If local JSONL transcripts aren't durable enough for you, the session_store option mirrors them to an external backend (batched or eager flushing); mirror failures arrive as non-fatal MirrorErrorMessage events worth recording on the trace.

Why in-process auto-instrumentation misses the subprocess

Because the agent loop runs in the CLI subprocess, wrapping the Anthropic Python client in your process traces exactly nothing. You have three real options: consume the message stream yourself, register hooks that fire in your process, or have the CLI export OTLP directly. The next sections cover all three. My short version: the OTel route is the least code, but if you ever want evals you'll end up consuming the stream anyway.

One nice property if you already run OpenTelemetry: the SDK propagates W3C trace context. If an OTel span is active when you call query(), the SDK injects TRACEPARENT into the subprocess, so the CLI's own spans parent under your application span. TRACEPARENT is even forwarded into Bash commands the agent runs.

Tracing Tool Calls and Subagents

Tool spans from `ToolUseBlock.id` to `ToolResultBlock`

Tool-call spans are a matching exercise. Open a TOOL child span for every ToolUseBlock.id you see in assistant content; close it when the ToolResultBlock (arriving inside a UserMessage) with the matching tool_use_id shows up. Record the tool name, a size-capped copy of input, and is_error from the result.

Tool names follow a taxonomy worth encoding in your span attributes: built-ins (Bash, Read, Edit, Glob, Grep, WebSearch, and friends), MCP tools named mcp__<server>__<tool>, and the Agent tool (a.k.a. Task) that spawns subagents. That last one gets special handling below.

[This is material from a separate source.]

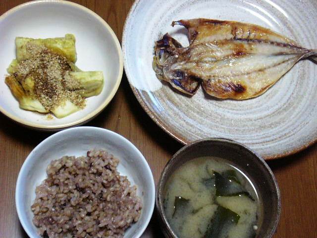 蒸し茄子、干物、雑穀入り玄米、味噌汁

from claude_agent_sdk import AssistantMessage, ToolResultBlock, ToolUseBlock, UserMessage

# Open spans keyed by ToolUseBlock.id — a tool span stays open until the
# ToolResultBlock with the matching tool_use_id arrives.
open_tool_spans: dict[str, "Span"] = {}


def on_message(message, tracer, agent_span) -> None:
    # Subagent nesting: messages emitted from inside a subagent's context
    # carry parent_tool_use_id == the Agent/Task ToolUseBlock.id that
    # spawned them. Parent their spans under that tool span.
    parent = agent_span
    if getattr(message, "parent_tool_use_id", None) in open_tool_spans:
        parent = open_tool_spans[message.parent_tool_use_id]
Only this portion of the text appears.